Each line starting at the one that contains "Six Waterford-like Indiana" and ending at the one that contains "1、查看当前配装及改装界面,确认装备后点击开始游戏进入关卡。" must be returned exactly, and the rest of the listing is left out.

> **Exercise material**:
* * * * * * *

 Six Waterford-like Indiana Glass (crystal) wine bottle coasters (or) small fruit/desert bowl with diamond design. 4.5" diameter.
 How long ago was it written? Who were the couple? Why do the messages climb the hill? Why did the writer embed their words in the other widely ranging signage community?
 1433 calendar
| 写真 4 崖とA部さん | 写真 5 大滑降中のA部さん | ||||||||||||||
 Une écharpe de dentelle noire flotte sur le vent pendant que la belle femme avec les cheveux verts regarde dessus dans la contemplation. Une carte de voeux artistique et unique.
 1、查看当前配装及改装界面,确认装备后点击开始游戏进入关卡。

* * * * * * *

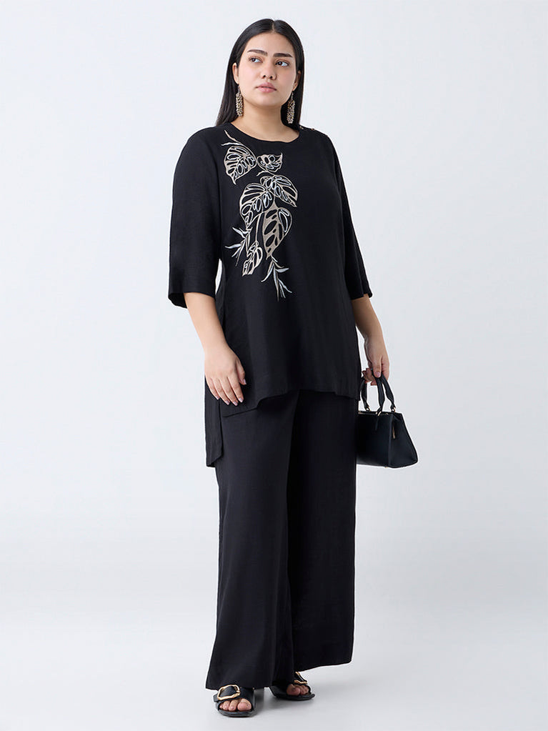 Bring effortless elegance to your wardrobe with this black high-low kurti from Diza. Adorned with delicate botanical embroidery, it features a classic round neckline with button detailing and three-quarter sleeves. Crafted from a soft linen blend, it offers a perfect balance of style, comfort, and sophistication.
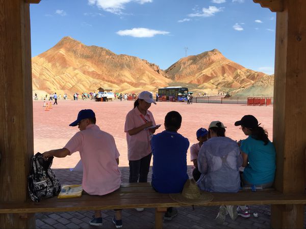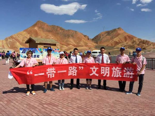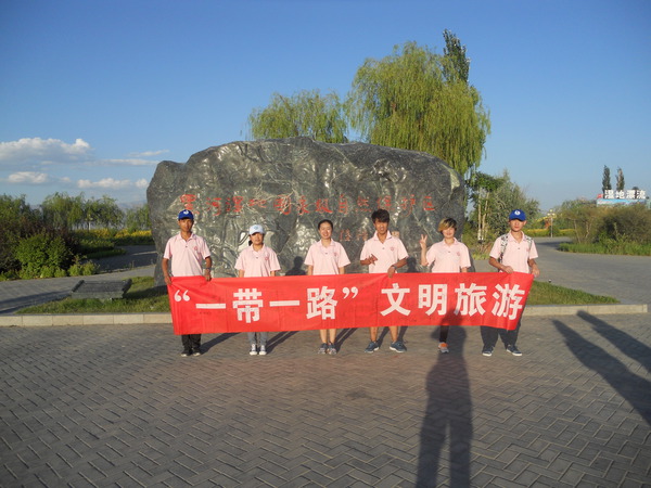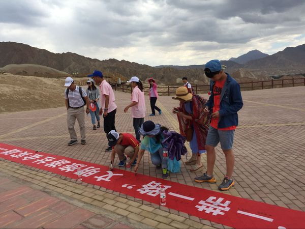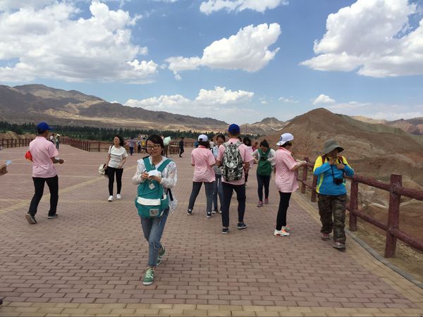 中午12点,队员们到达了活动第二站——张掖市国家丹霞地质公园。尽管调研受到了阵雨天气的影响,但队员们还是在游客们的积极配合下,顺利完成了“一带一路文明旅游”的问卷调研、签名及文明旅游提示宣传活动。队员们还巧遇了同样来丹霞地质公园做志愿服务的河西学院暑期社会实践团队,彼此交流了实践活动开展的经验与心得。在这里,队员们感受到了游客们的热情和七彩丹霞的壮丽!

* * * * * * *

> **Result of this task**:
 Six Waterford-like Indiana Glass (crystal) wine bottle coasters (or) small fruit/desert bowl with diamond design. 4.5" diameter.
 How long ago was it written? Who were the couple? Why do the messages climb the hill? Why did the writer embed their words in the other widely ranging signage community?
 1433 calendar
| 写真 4 崖とA部さん | 写真 5 大滑降中のA部さん | ||||||||||||||
 Une écharpe de dentelle noire flotte sur le vent pendant que la belle femme avec les cheveux verts regarde dessus dans la contemplation. Une carte de voeux artistique et unique.
 1、查看当前配装及改装界面,确认装备后点击开始游戏进入关卡。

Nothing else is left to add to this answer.